In light of this discussion: does anyone have any experience with MemCache in combination with Symphony?

And some requested a bit more information. So...

Presently I use Cacheable Datasource a lot. This caches the XML result of a data source onto disk and serves this instead of querying the database (until it becomes stale). Problem is, you have to customise the data source. I'm hoping from Symphony 2.3 I'll be able to rewrite the extension using delegates so no customisation is necessary.

However I have seen APC being used in custom data sources, instead of saving the output to disk. Your data source grab() function might look like this:

public function grab(&$param_pool=NULL){

// unique key for this data source
$cache_key = $this->dsParamROOTELEMENT . md5($_SERVER['REQUEST_URI']);

// get cache if APC is available
if (function_exists('apc_fetch')) $data = apc_fetch($cache_key);

// cache is still good, return cached XML and param pool
if ($data != FALSE) {
    $param_pool = $data['param_pool'];
    return $data['output'];
}
$result = new XMLElement($this->dsParamROOTELEMENT);

// normal data source processing
try{
    include(TOOLKIT . '/data-sources/datasource.section.php');
}
catch(Exception $e){
    $result->appendChild(new XMLElement('error', $e->getMessage()));
    return $result;
}

if($this->_force_empty_result) $result = $this->emptyXMLSet();

// store new XML in cache
if (function_exists('apc_add')) {
    apc_add($cache_key, array(
        'output'        => $result,
        'param_pool'    => $param_pool
    ), 60);
}

return $result;
}

This checks that APC is available on your server, and stores the data source XML and param pool (including output parameters) in the cache.
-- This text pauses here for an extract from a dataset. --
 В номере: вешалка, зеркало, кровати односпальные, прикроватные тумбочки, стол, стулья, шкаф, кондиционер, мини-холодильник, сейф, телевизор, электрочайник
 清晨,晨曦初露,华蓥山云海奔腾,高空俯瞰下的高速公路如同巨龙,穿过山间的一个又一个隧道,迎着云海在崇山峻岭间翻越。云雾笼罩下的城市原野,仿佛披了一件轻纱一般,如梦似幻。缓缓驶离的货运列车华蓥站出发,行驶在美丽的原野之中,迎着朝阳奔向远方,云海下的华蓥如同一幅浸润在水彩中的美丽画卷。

Exactly the same principle applies for memcache. You can try this out using MAMP by selecting "APC" from the Cache dropdown (MAMP Pro).

You can see in the example above that the object is cached for one minute (60 seconds). This got me thinking about how we might be able to add caching into Symphony's core, and where it would be appropriate.
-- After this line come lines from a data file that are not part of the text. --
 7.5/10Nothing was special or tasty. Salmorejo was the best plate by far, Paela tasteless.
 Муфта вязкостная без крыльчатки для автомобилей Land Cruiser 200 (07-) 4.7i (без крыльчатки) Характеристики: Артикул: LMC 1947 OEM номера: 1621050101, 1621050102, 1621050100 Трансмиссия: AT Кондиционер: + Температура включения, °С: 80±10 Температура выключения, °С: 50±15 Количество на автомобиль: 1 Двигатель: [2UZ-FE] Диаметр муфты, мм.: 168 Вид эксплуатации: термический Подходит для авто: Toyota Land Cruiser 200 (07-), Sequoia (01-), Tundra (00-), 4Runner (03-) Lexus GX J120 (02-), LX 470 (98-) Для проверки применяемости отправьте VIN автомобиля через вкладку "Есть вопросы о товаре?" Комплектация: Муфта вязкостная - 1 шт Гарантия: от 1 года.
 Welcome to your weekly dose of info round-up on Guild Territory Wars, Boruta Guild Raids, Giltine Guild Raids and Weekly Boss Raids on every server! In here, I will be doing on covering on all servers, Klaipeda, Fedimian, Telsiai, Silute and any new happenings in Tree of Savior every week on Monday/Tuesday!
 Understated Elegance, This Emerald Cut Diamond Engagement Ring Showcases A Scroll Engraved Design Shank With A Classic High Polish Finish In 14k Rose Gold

I am not suggesting data source caching goes into the core. Data caching is so personal to your application that there are so many ways in which it can and should be implemented. The above is just one way, and it would be restrictive for Symphony to force developers to use one method.

However I do think caching could be used internally for repetitive tasks that occur on every page load:

  • selecting a list of all extensions and their delegate subscriptions from the database
  • resolving section and fields, namely looking up field configuration in sym_fields and the sym_fields_{fieldtype} tables

These are already kind of cached in the core — on each page load the queries are only performed once and the result cached in static arrays, so if the data is required again during that page cycle, it is read from the array and not the database. But these lookups still occur every page view. What if these common lookups could be stored in memory, then the result could be shared between page views, between visitors.

The problem with caching is knowing when to purge the cache — when does the data become stale? The above mechanisms all use an expiry time. This is fine, and an expiry of even just a few seconds would benefit sites with mega traffic. However I suggested the two area above for where caching would be appropriate because we have events (delegates) in the backend through which we can invalidate the cache.

Take for example the list of extensions and their delegates. The extension list in the backend could perhaps bypass the cache entirely. And when you enable/disable an extension, Symphony would know to invalidate the cache storing the array holding extension subscriptions, and it would be rebuilt on next page load.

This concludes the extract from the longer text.